Toujours selon notre enquête, l’excision permettrait aussi de rétrécir le vagin et de procurer plus de plaisir à l’homme pendant l’acte sexuel. On constate ici la force de l’emprise patriarcale dans la société guinéenne, où le plaisir de l’homme est placé sur un piédestal et sacralisé, au point que les douleurs généralement ressenties par les femmes excisées pendant les rapports sexuels soient banalisées, considérées comme normales voire parfois recherchées par certains. La femme se voit ainsi déshumanisée, réduite au statut d’animal né exclusivement pour satisfaire les besoins sexuels masculins.

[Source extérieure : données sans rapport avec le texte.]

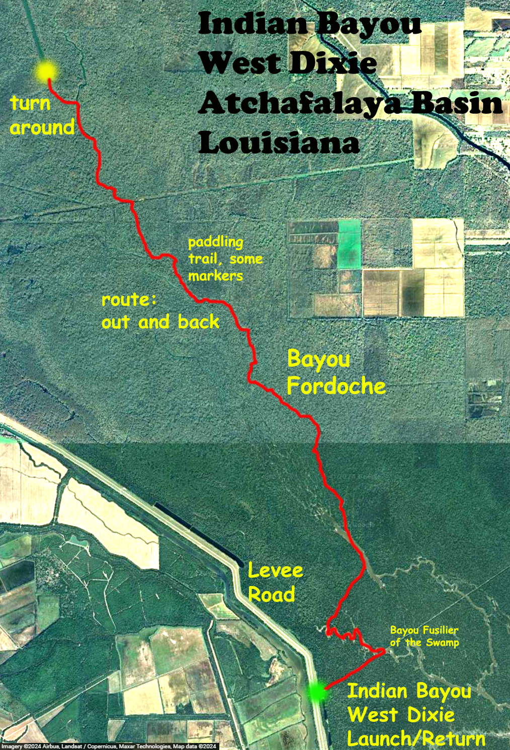This route starts at the West Dixie / Indian Bayou launch north of I10 on Henderson Levee Road. The route follows a Corp of Engineers Indian Bayou trail up to Lake Fordoche and then further up Bayou Fordoche. I did an out and back, turning around at a point where the bayou widened into a long linear canal. It was pretty clear through the entire route where to go, no confusing this-way/that-way options. And at a few points there are paddle trail markers so you know you are in the right place. This is a spectacular trail, deep in the swamp, many alligators, fantastic scenery, and could be done at various water levels and different seasons for a unique experience each time. A return trip here is on the list.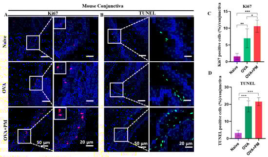The immunofluorescence staining targeting Ki67, a marker for uncontrolled cell proliferation indicative of actively dividing cells, was employed to assess conjunctival and corneal tissue in our AED mouse model. Our investigation revealed a dramatically increased number of Ki67-positive cells in both OVA + PM exposed and OVA groups. Interestingly, this count remained relatively minimal in the naive group. Ki67-positive cells predominantly localized in the basal cell layer of the conjunctival epithelium (Figure 5A,C) and corneal epithelium (Supplementary Figure S2A,C).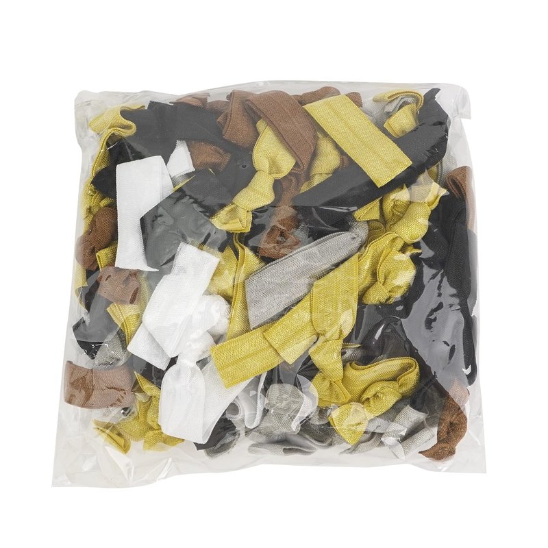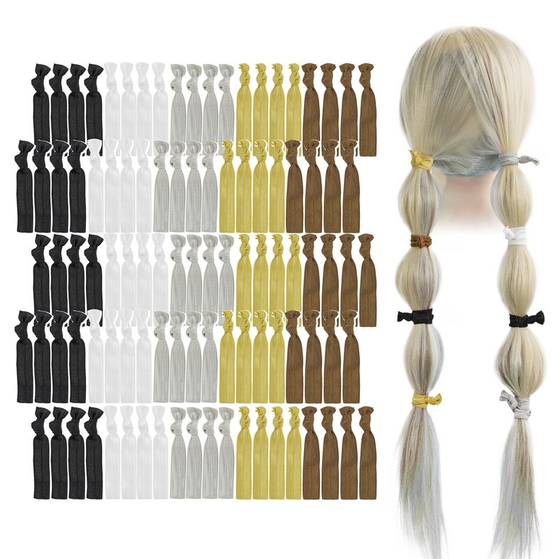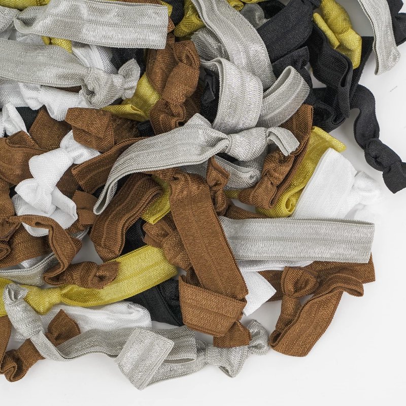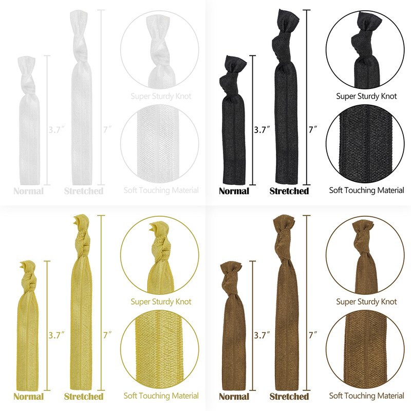 - 🎀️ Our neutral color package contains 100 pack solid color hair ties, 5 different colors with 20 pack of each white, black, silver, brown and gold color. Our hair ties are made of very soft fold over elastics with a satin look finish. Each hair tie measures approximately 3.7 inches in length (including the knot), when laid flat, allowing you to store an unused band comfortably on your wrist.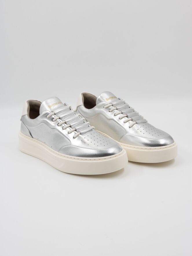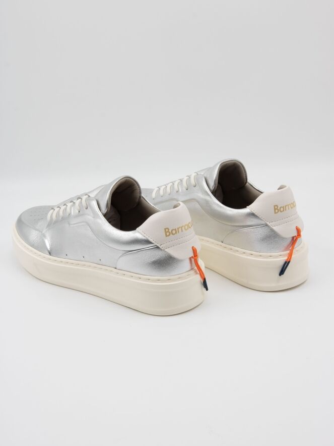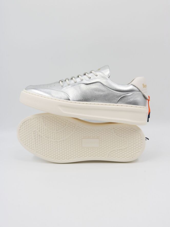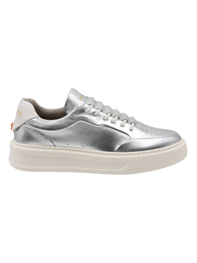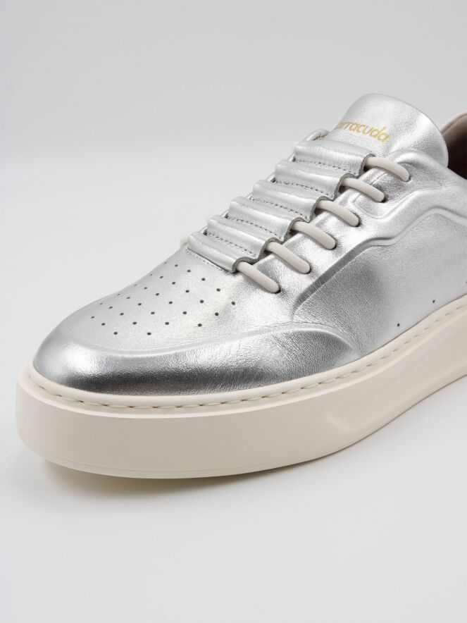 Een luxe sneaker van Barracuda in de kleur zilver. Op de voorvoet en aan de zijkanten is de sneaker geperforeerd. Langs de rand van de witte zool loopt een wit stiksel. De binnenkant is met leder gevoerd.

Que des hommes conservateurs et nostalgiques d’une certaine idée de la femme veuillent maîtriser le corps de celle-ci et sa sexualité en effectuant des choix pour elle, n’est pas nouveau. Ce qui est effarant, c’est l’incapacité pour eux de la voir comme un individu à part entière, de la traiter de façon égale aux hommes dans l’expression de sa souffrance et a fortiori dans la quête du plaisir charnel. Les hommes sont bien sûr totalement libres d’exprimer leurs opinions sur des sujets comme l’IVG, la sexualité féminine, etc. Ils peuvent interagir, échanger avec les femmes, le débat est d’ailleurs encouragé. La limite à cette liberté est qu’ils n’ont absolument pas le droit de choisir les organes que ces dernières doivent garder ou pas, ni de leur imposer une conduite dans leur façon de mener leur vie d’adulte.

Qu’il soit conscient ou inconscient, le sexisme décomplexé répandu sur les réseaux sociaux révèle l’immensité de la tâche qui attend encore les Africaines

Que nous Africains ayons à réaliser des progrès dans notre rapport aux femmes n’est pas un secret. À l’heure de mouvements militants à fort écho comme #Metoo et #BalanceTonPorc dans les pays occidentaux, la parole de l’Africaine sur les abus qu’elle subit a encore elle, beaucoup de mal à se libérer. Un sexisme ordinaire décomplexé et totalement assumé a par contre lui pleinement pris la place sur les réseaux sociaux. Qu’il soit conscient ou inconscient, dû à une absence de sensibilisation, il révèle l’immensité de la tâche qui attend encore les Africaines.

Car il y a une frontière très claire entre la blague censée faire rire et des propos insultants déguisés en humour noir ou en satire. Cette frontière, c’est le bon sens. Dire d’une femme qu’elle est un « fruit mûr », qu’elle est « mangeable », qu’on peut la « décapsuler » telle une bouteille de bière, nous abêtis collectivement. Ce recours intempestif à un langage chosifiant l’Africaine, la sexualisant à outrance, n’est pas banal. Il doit nous interpeller tant il résonne avec l’histoire de la colonisation.

In fine, nous devrions avoir l’ambition de faire reculer notre seuil de tolérance vis à vis de tous les comportements humiliants et dégradants pour les femmes. Dans cette perspective, la loi n’est pas le seul recours. L’école et la cellule familiale ont une immense responsabilité : celle d’inculquer aux garçons, les hommes de demain, des valeurs féministes, respectueuses de la femme dans son entièreté et son individualité.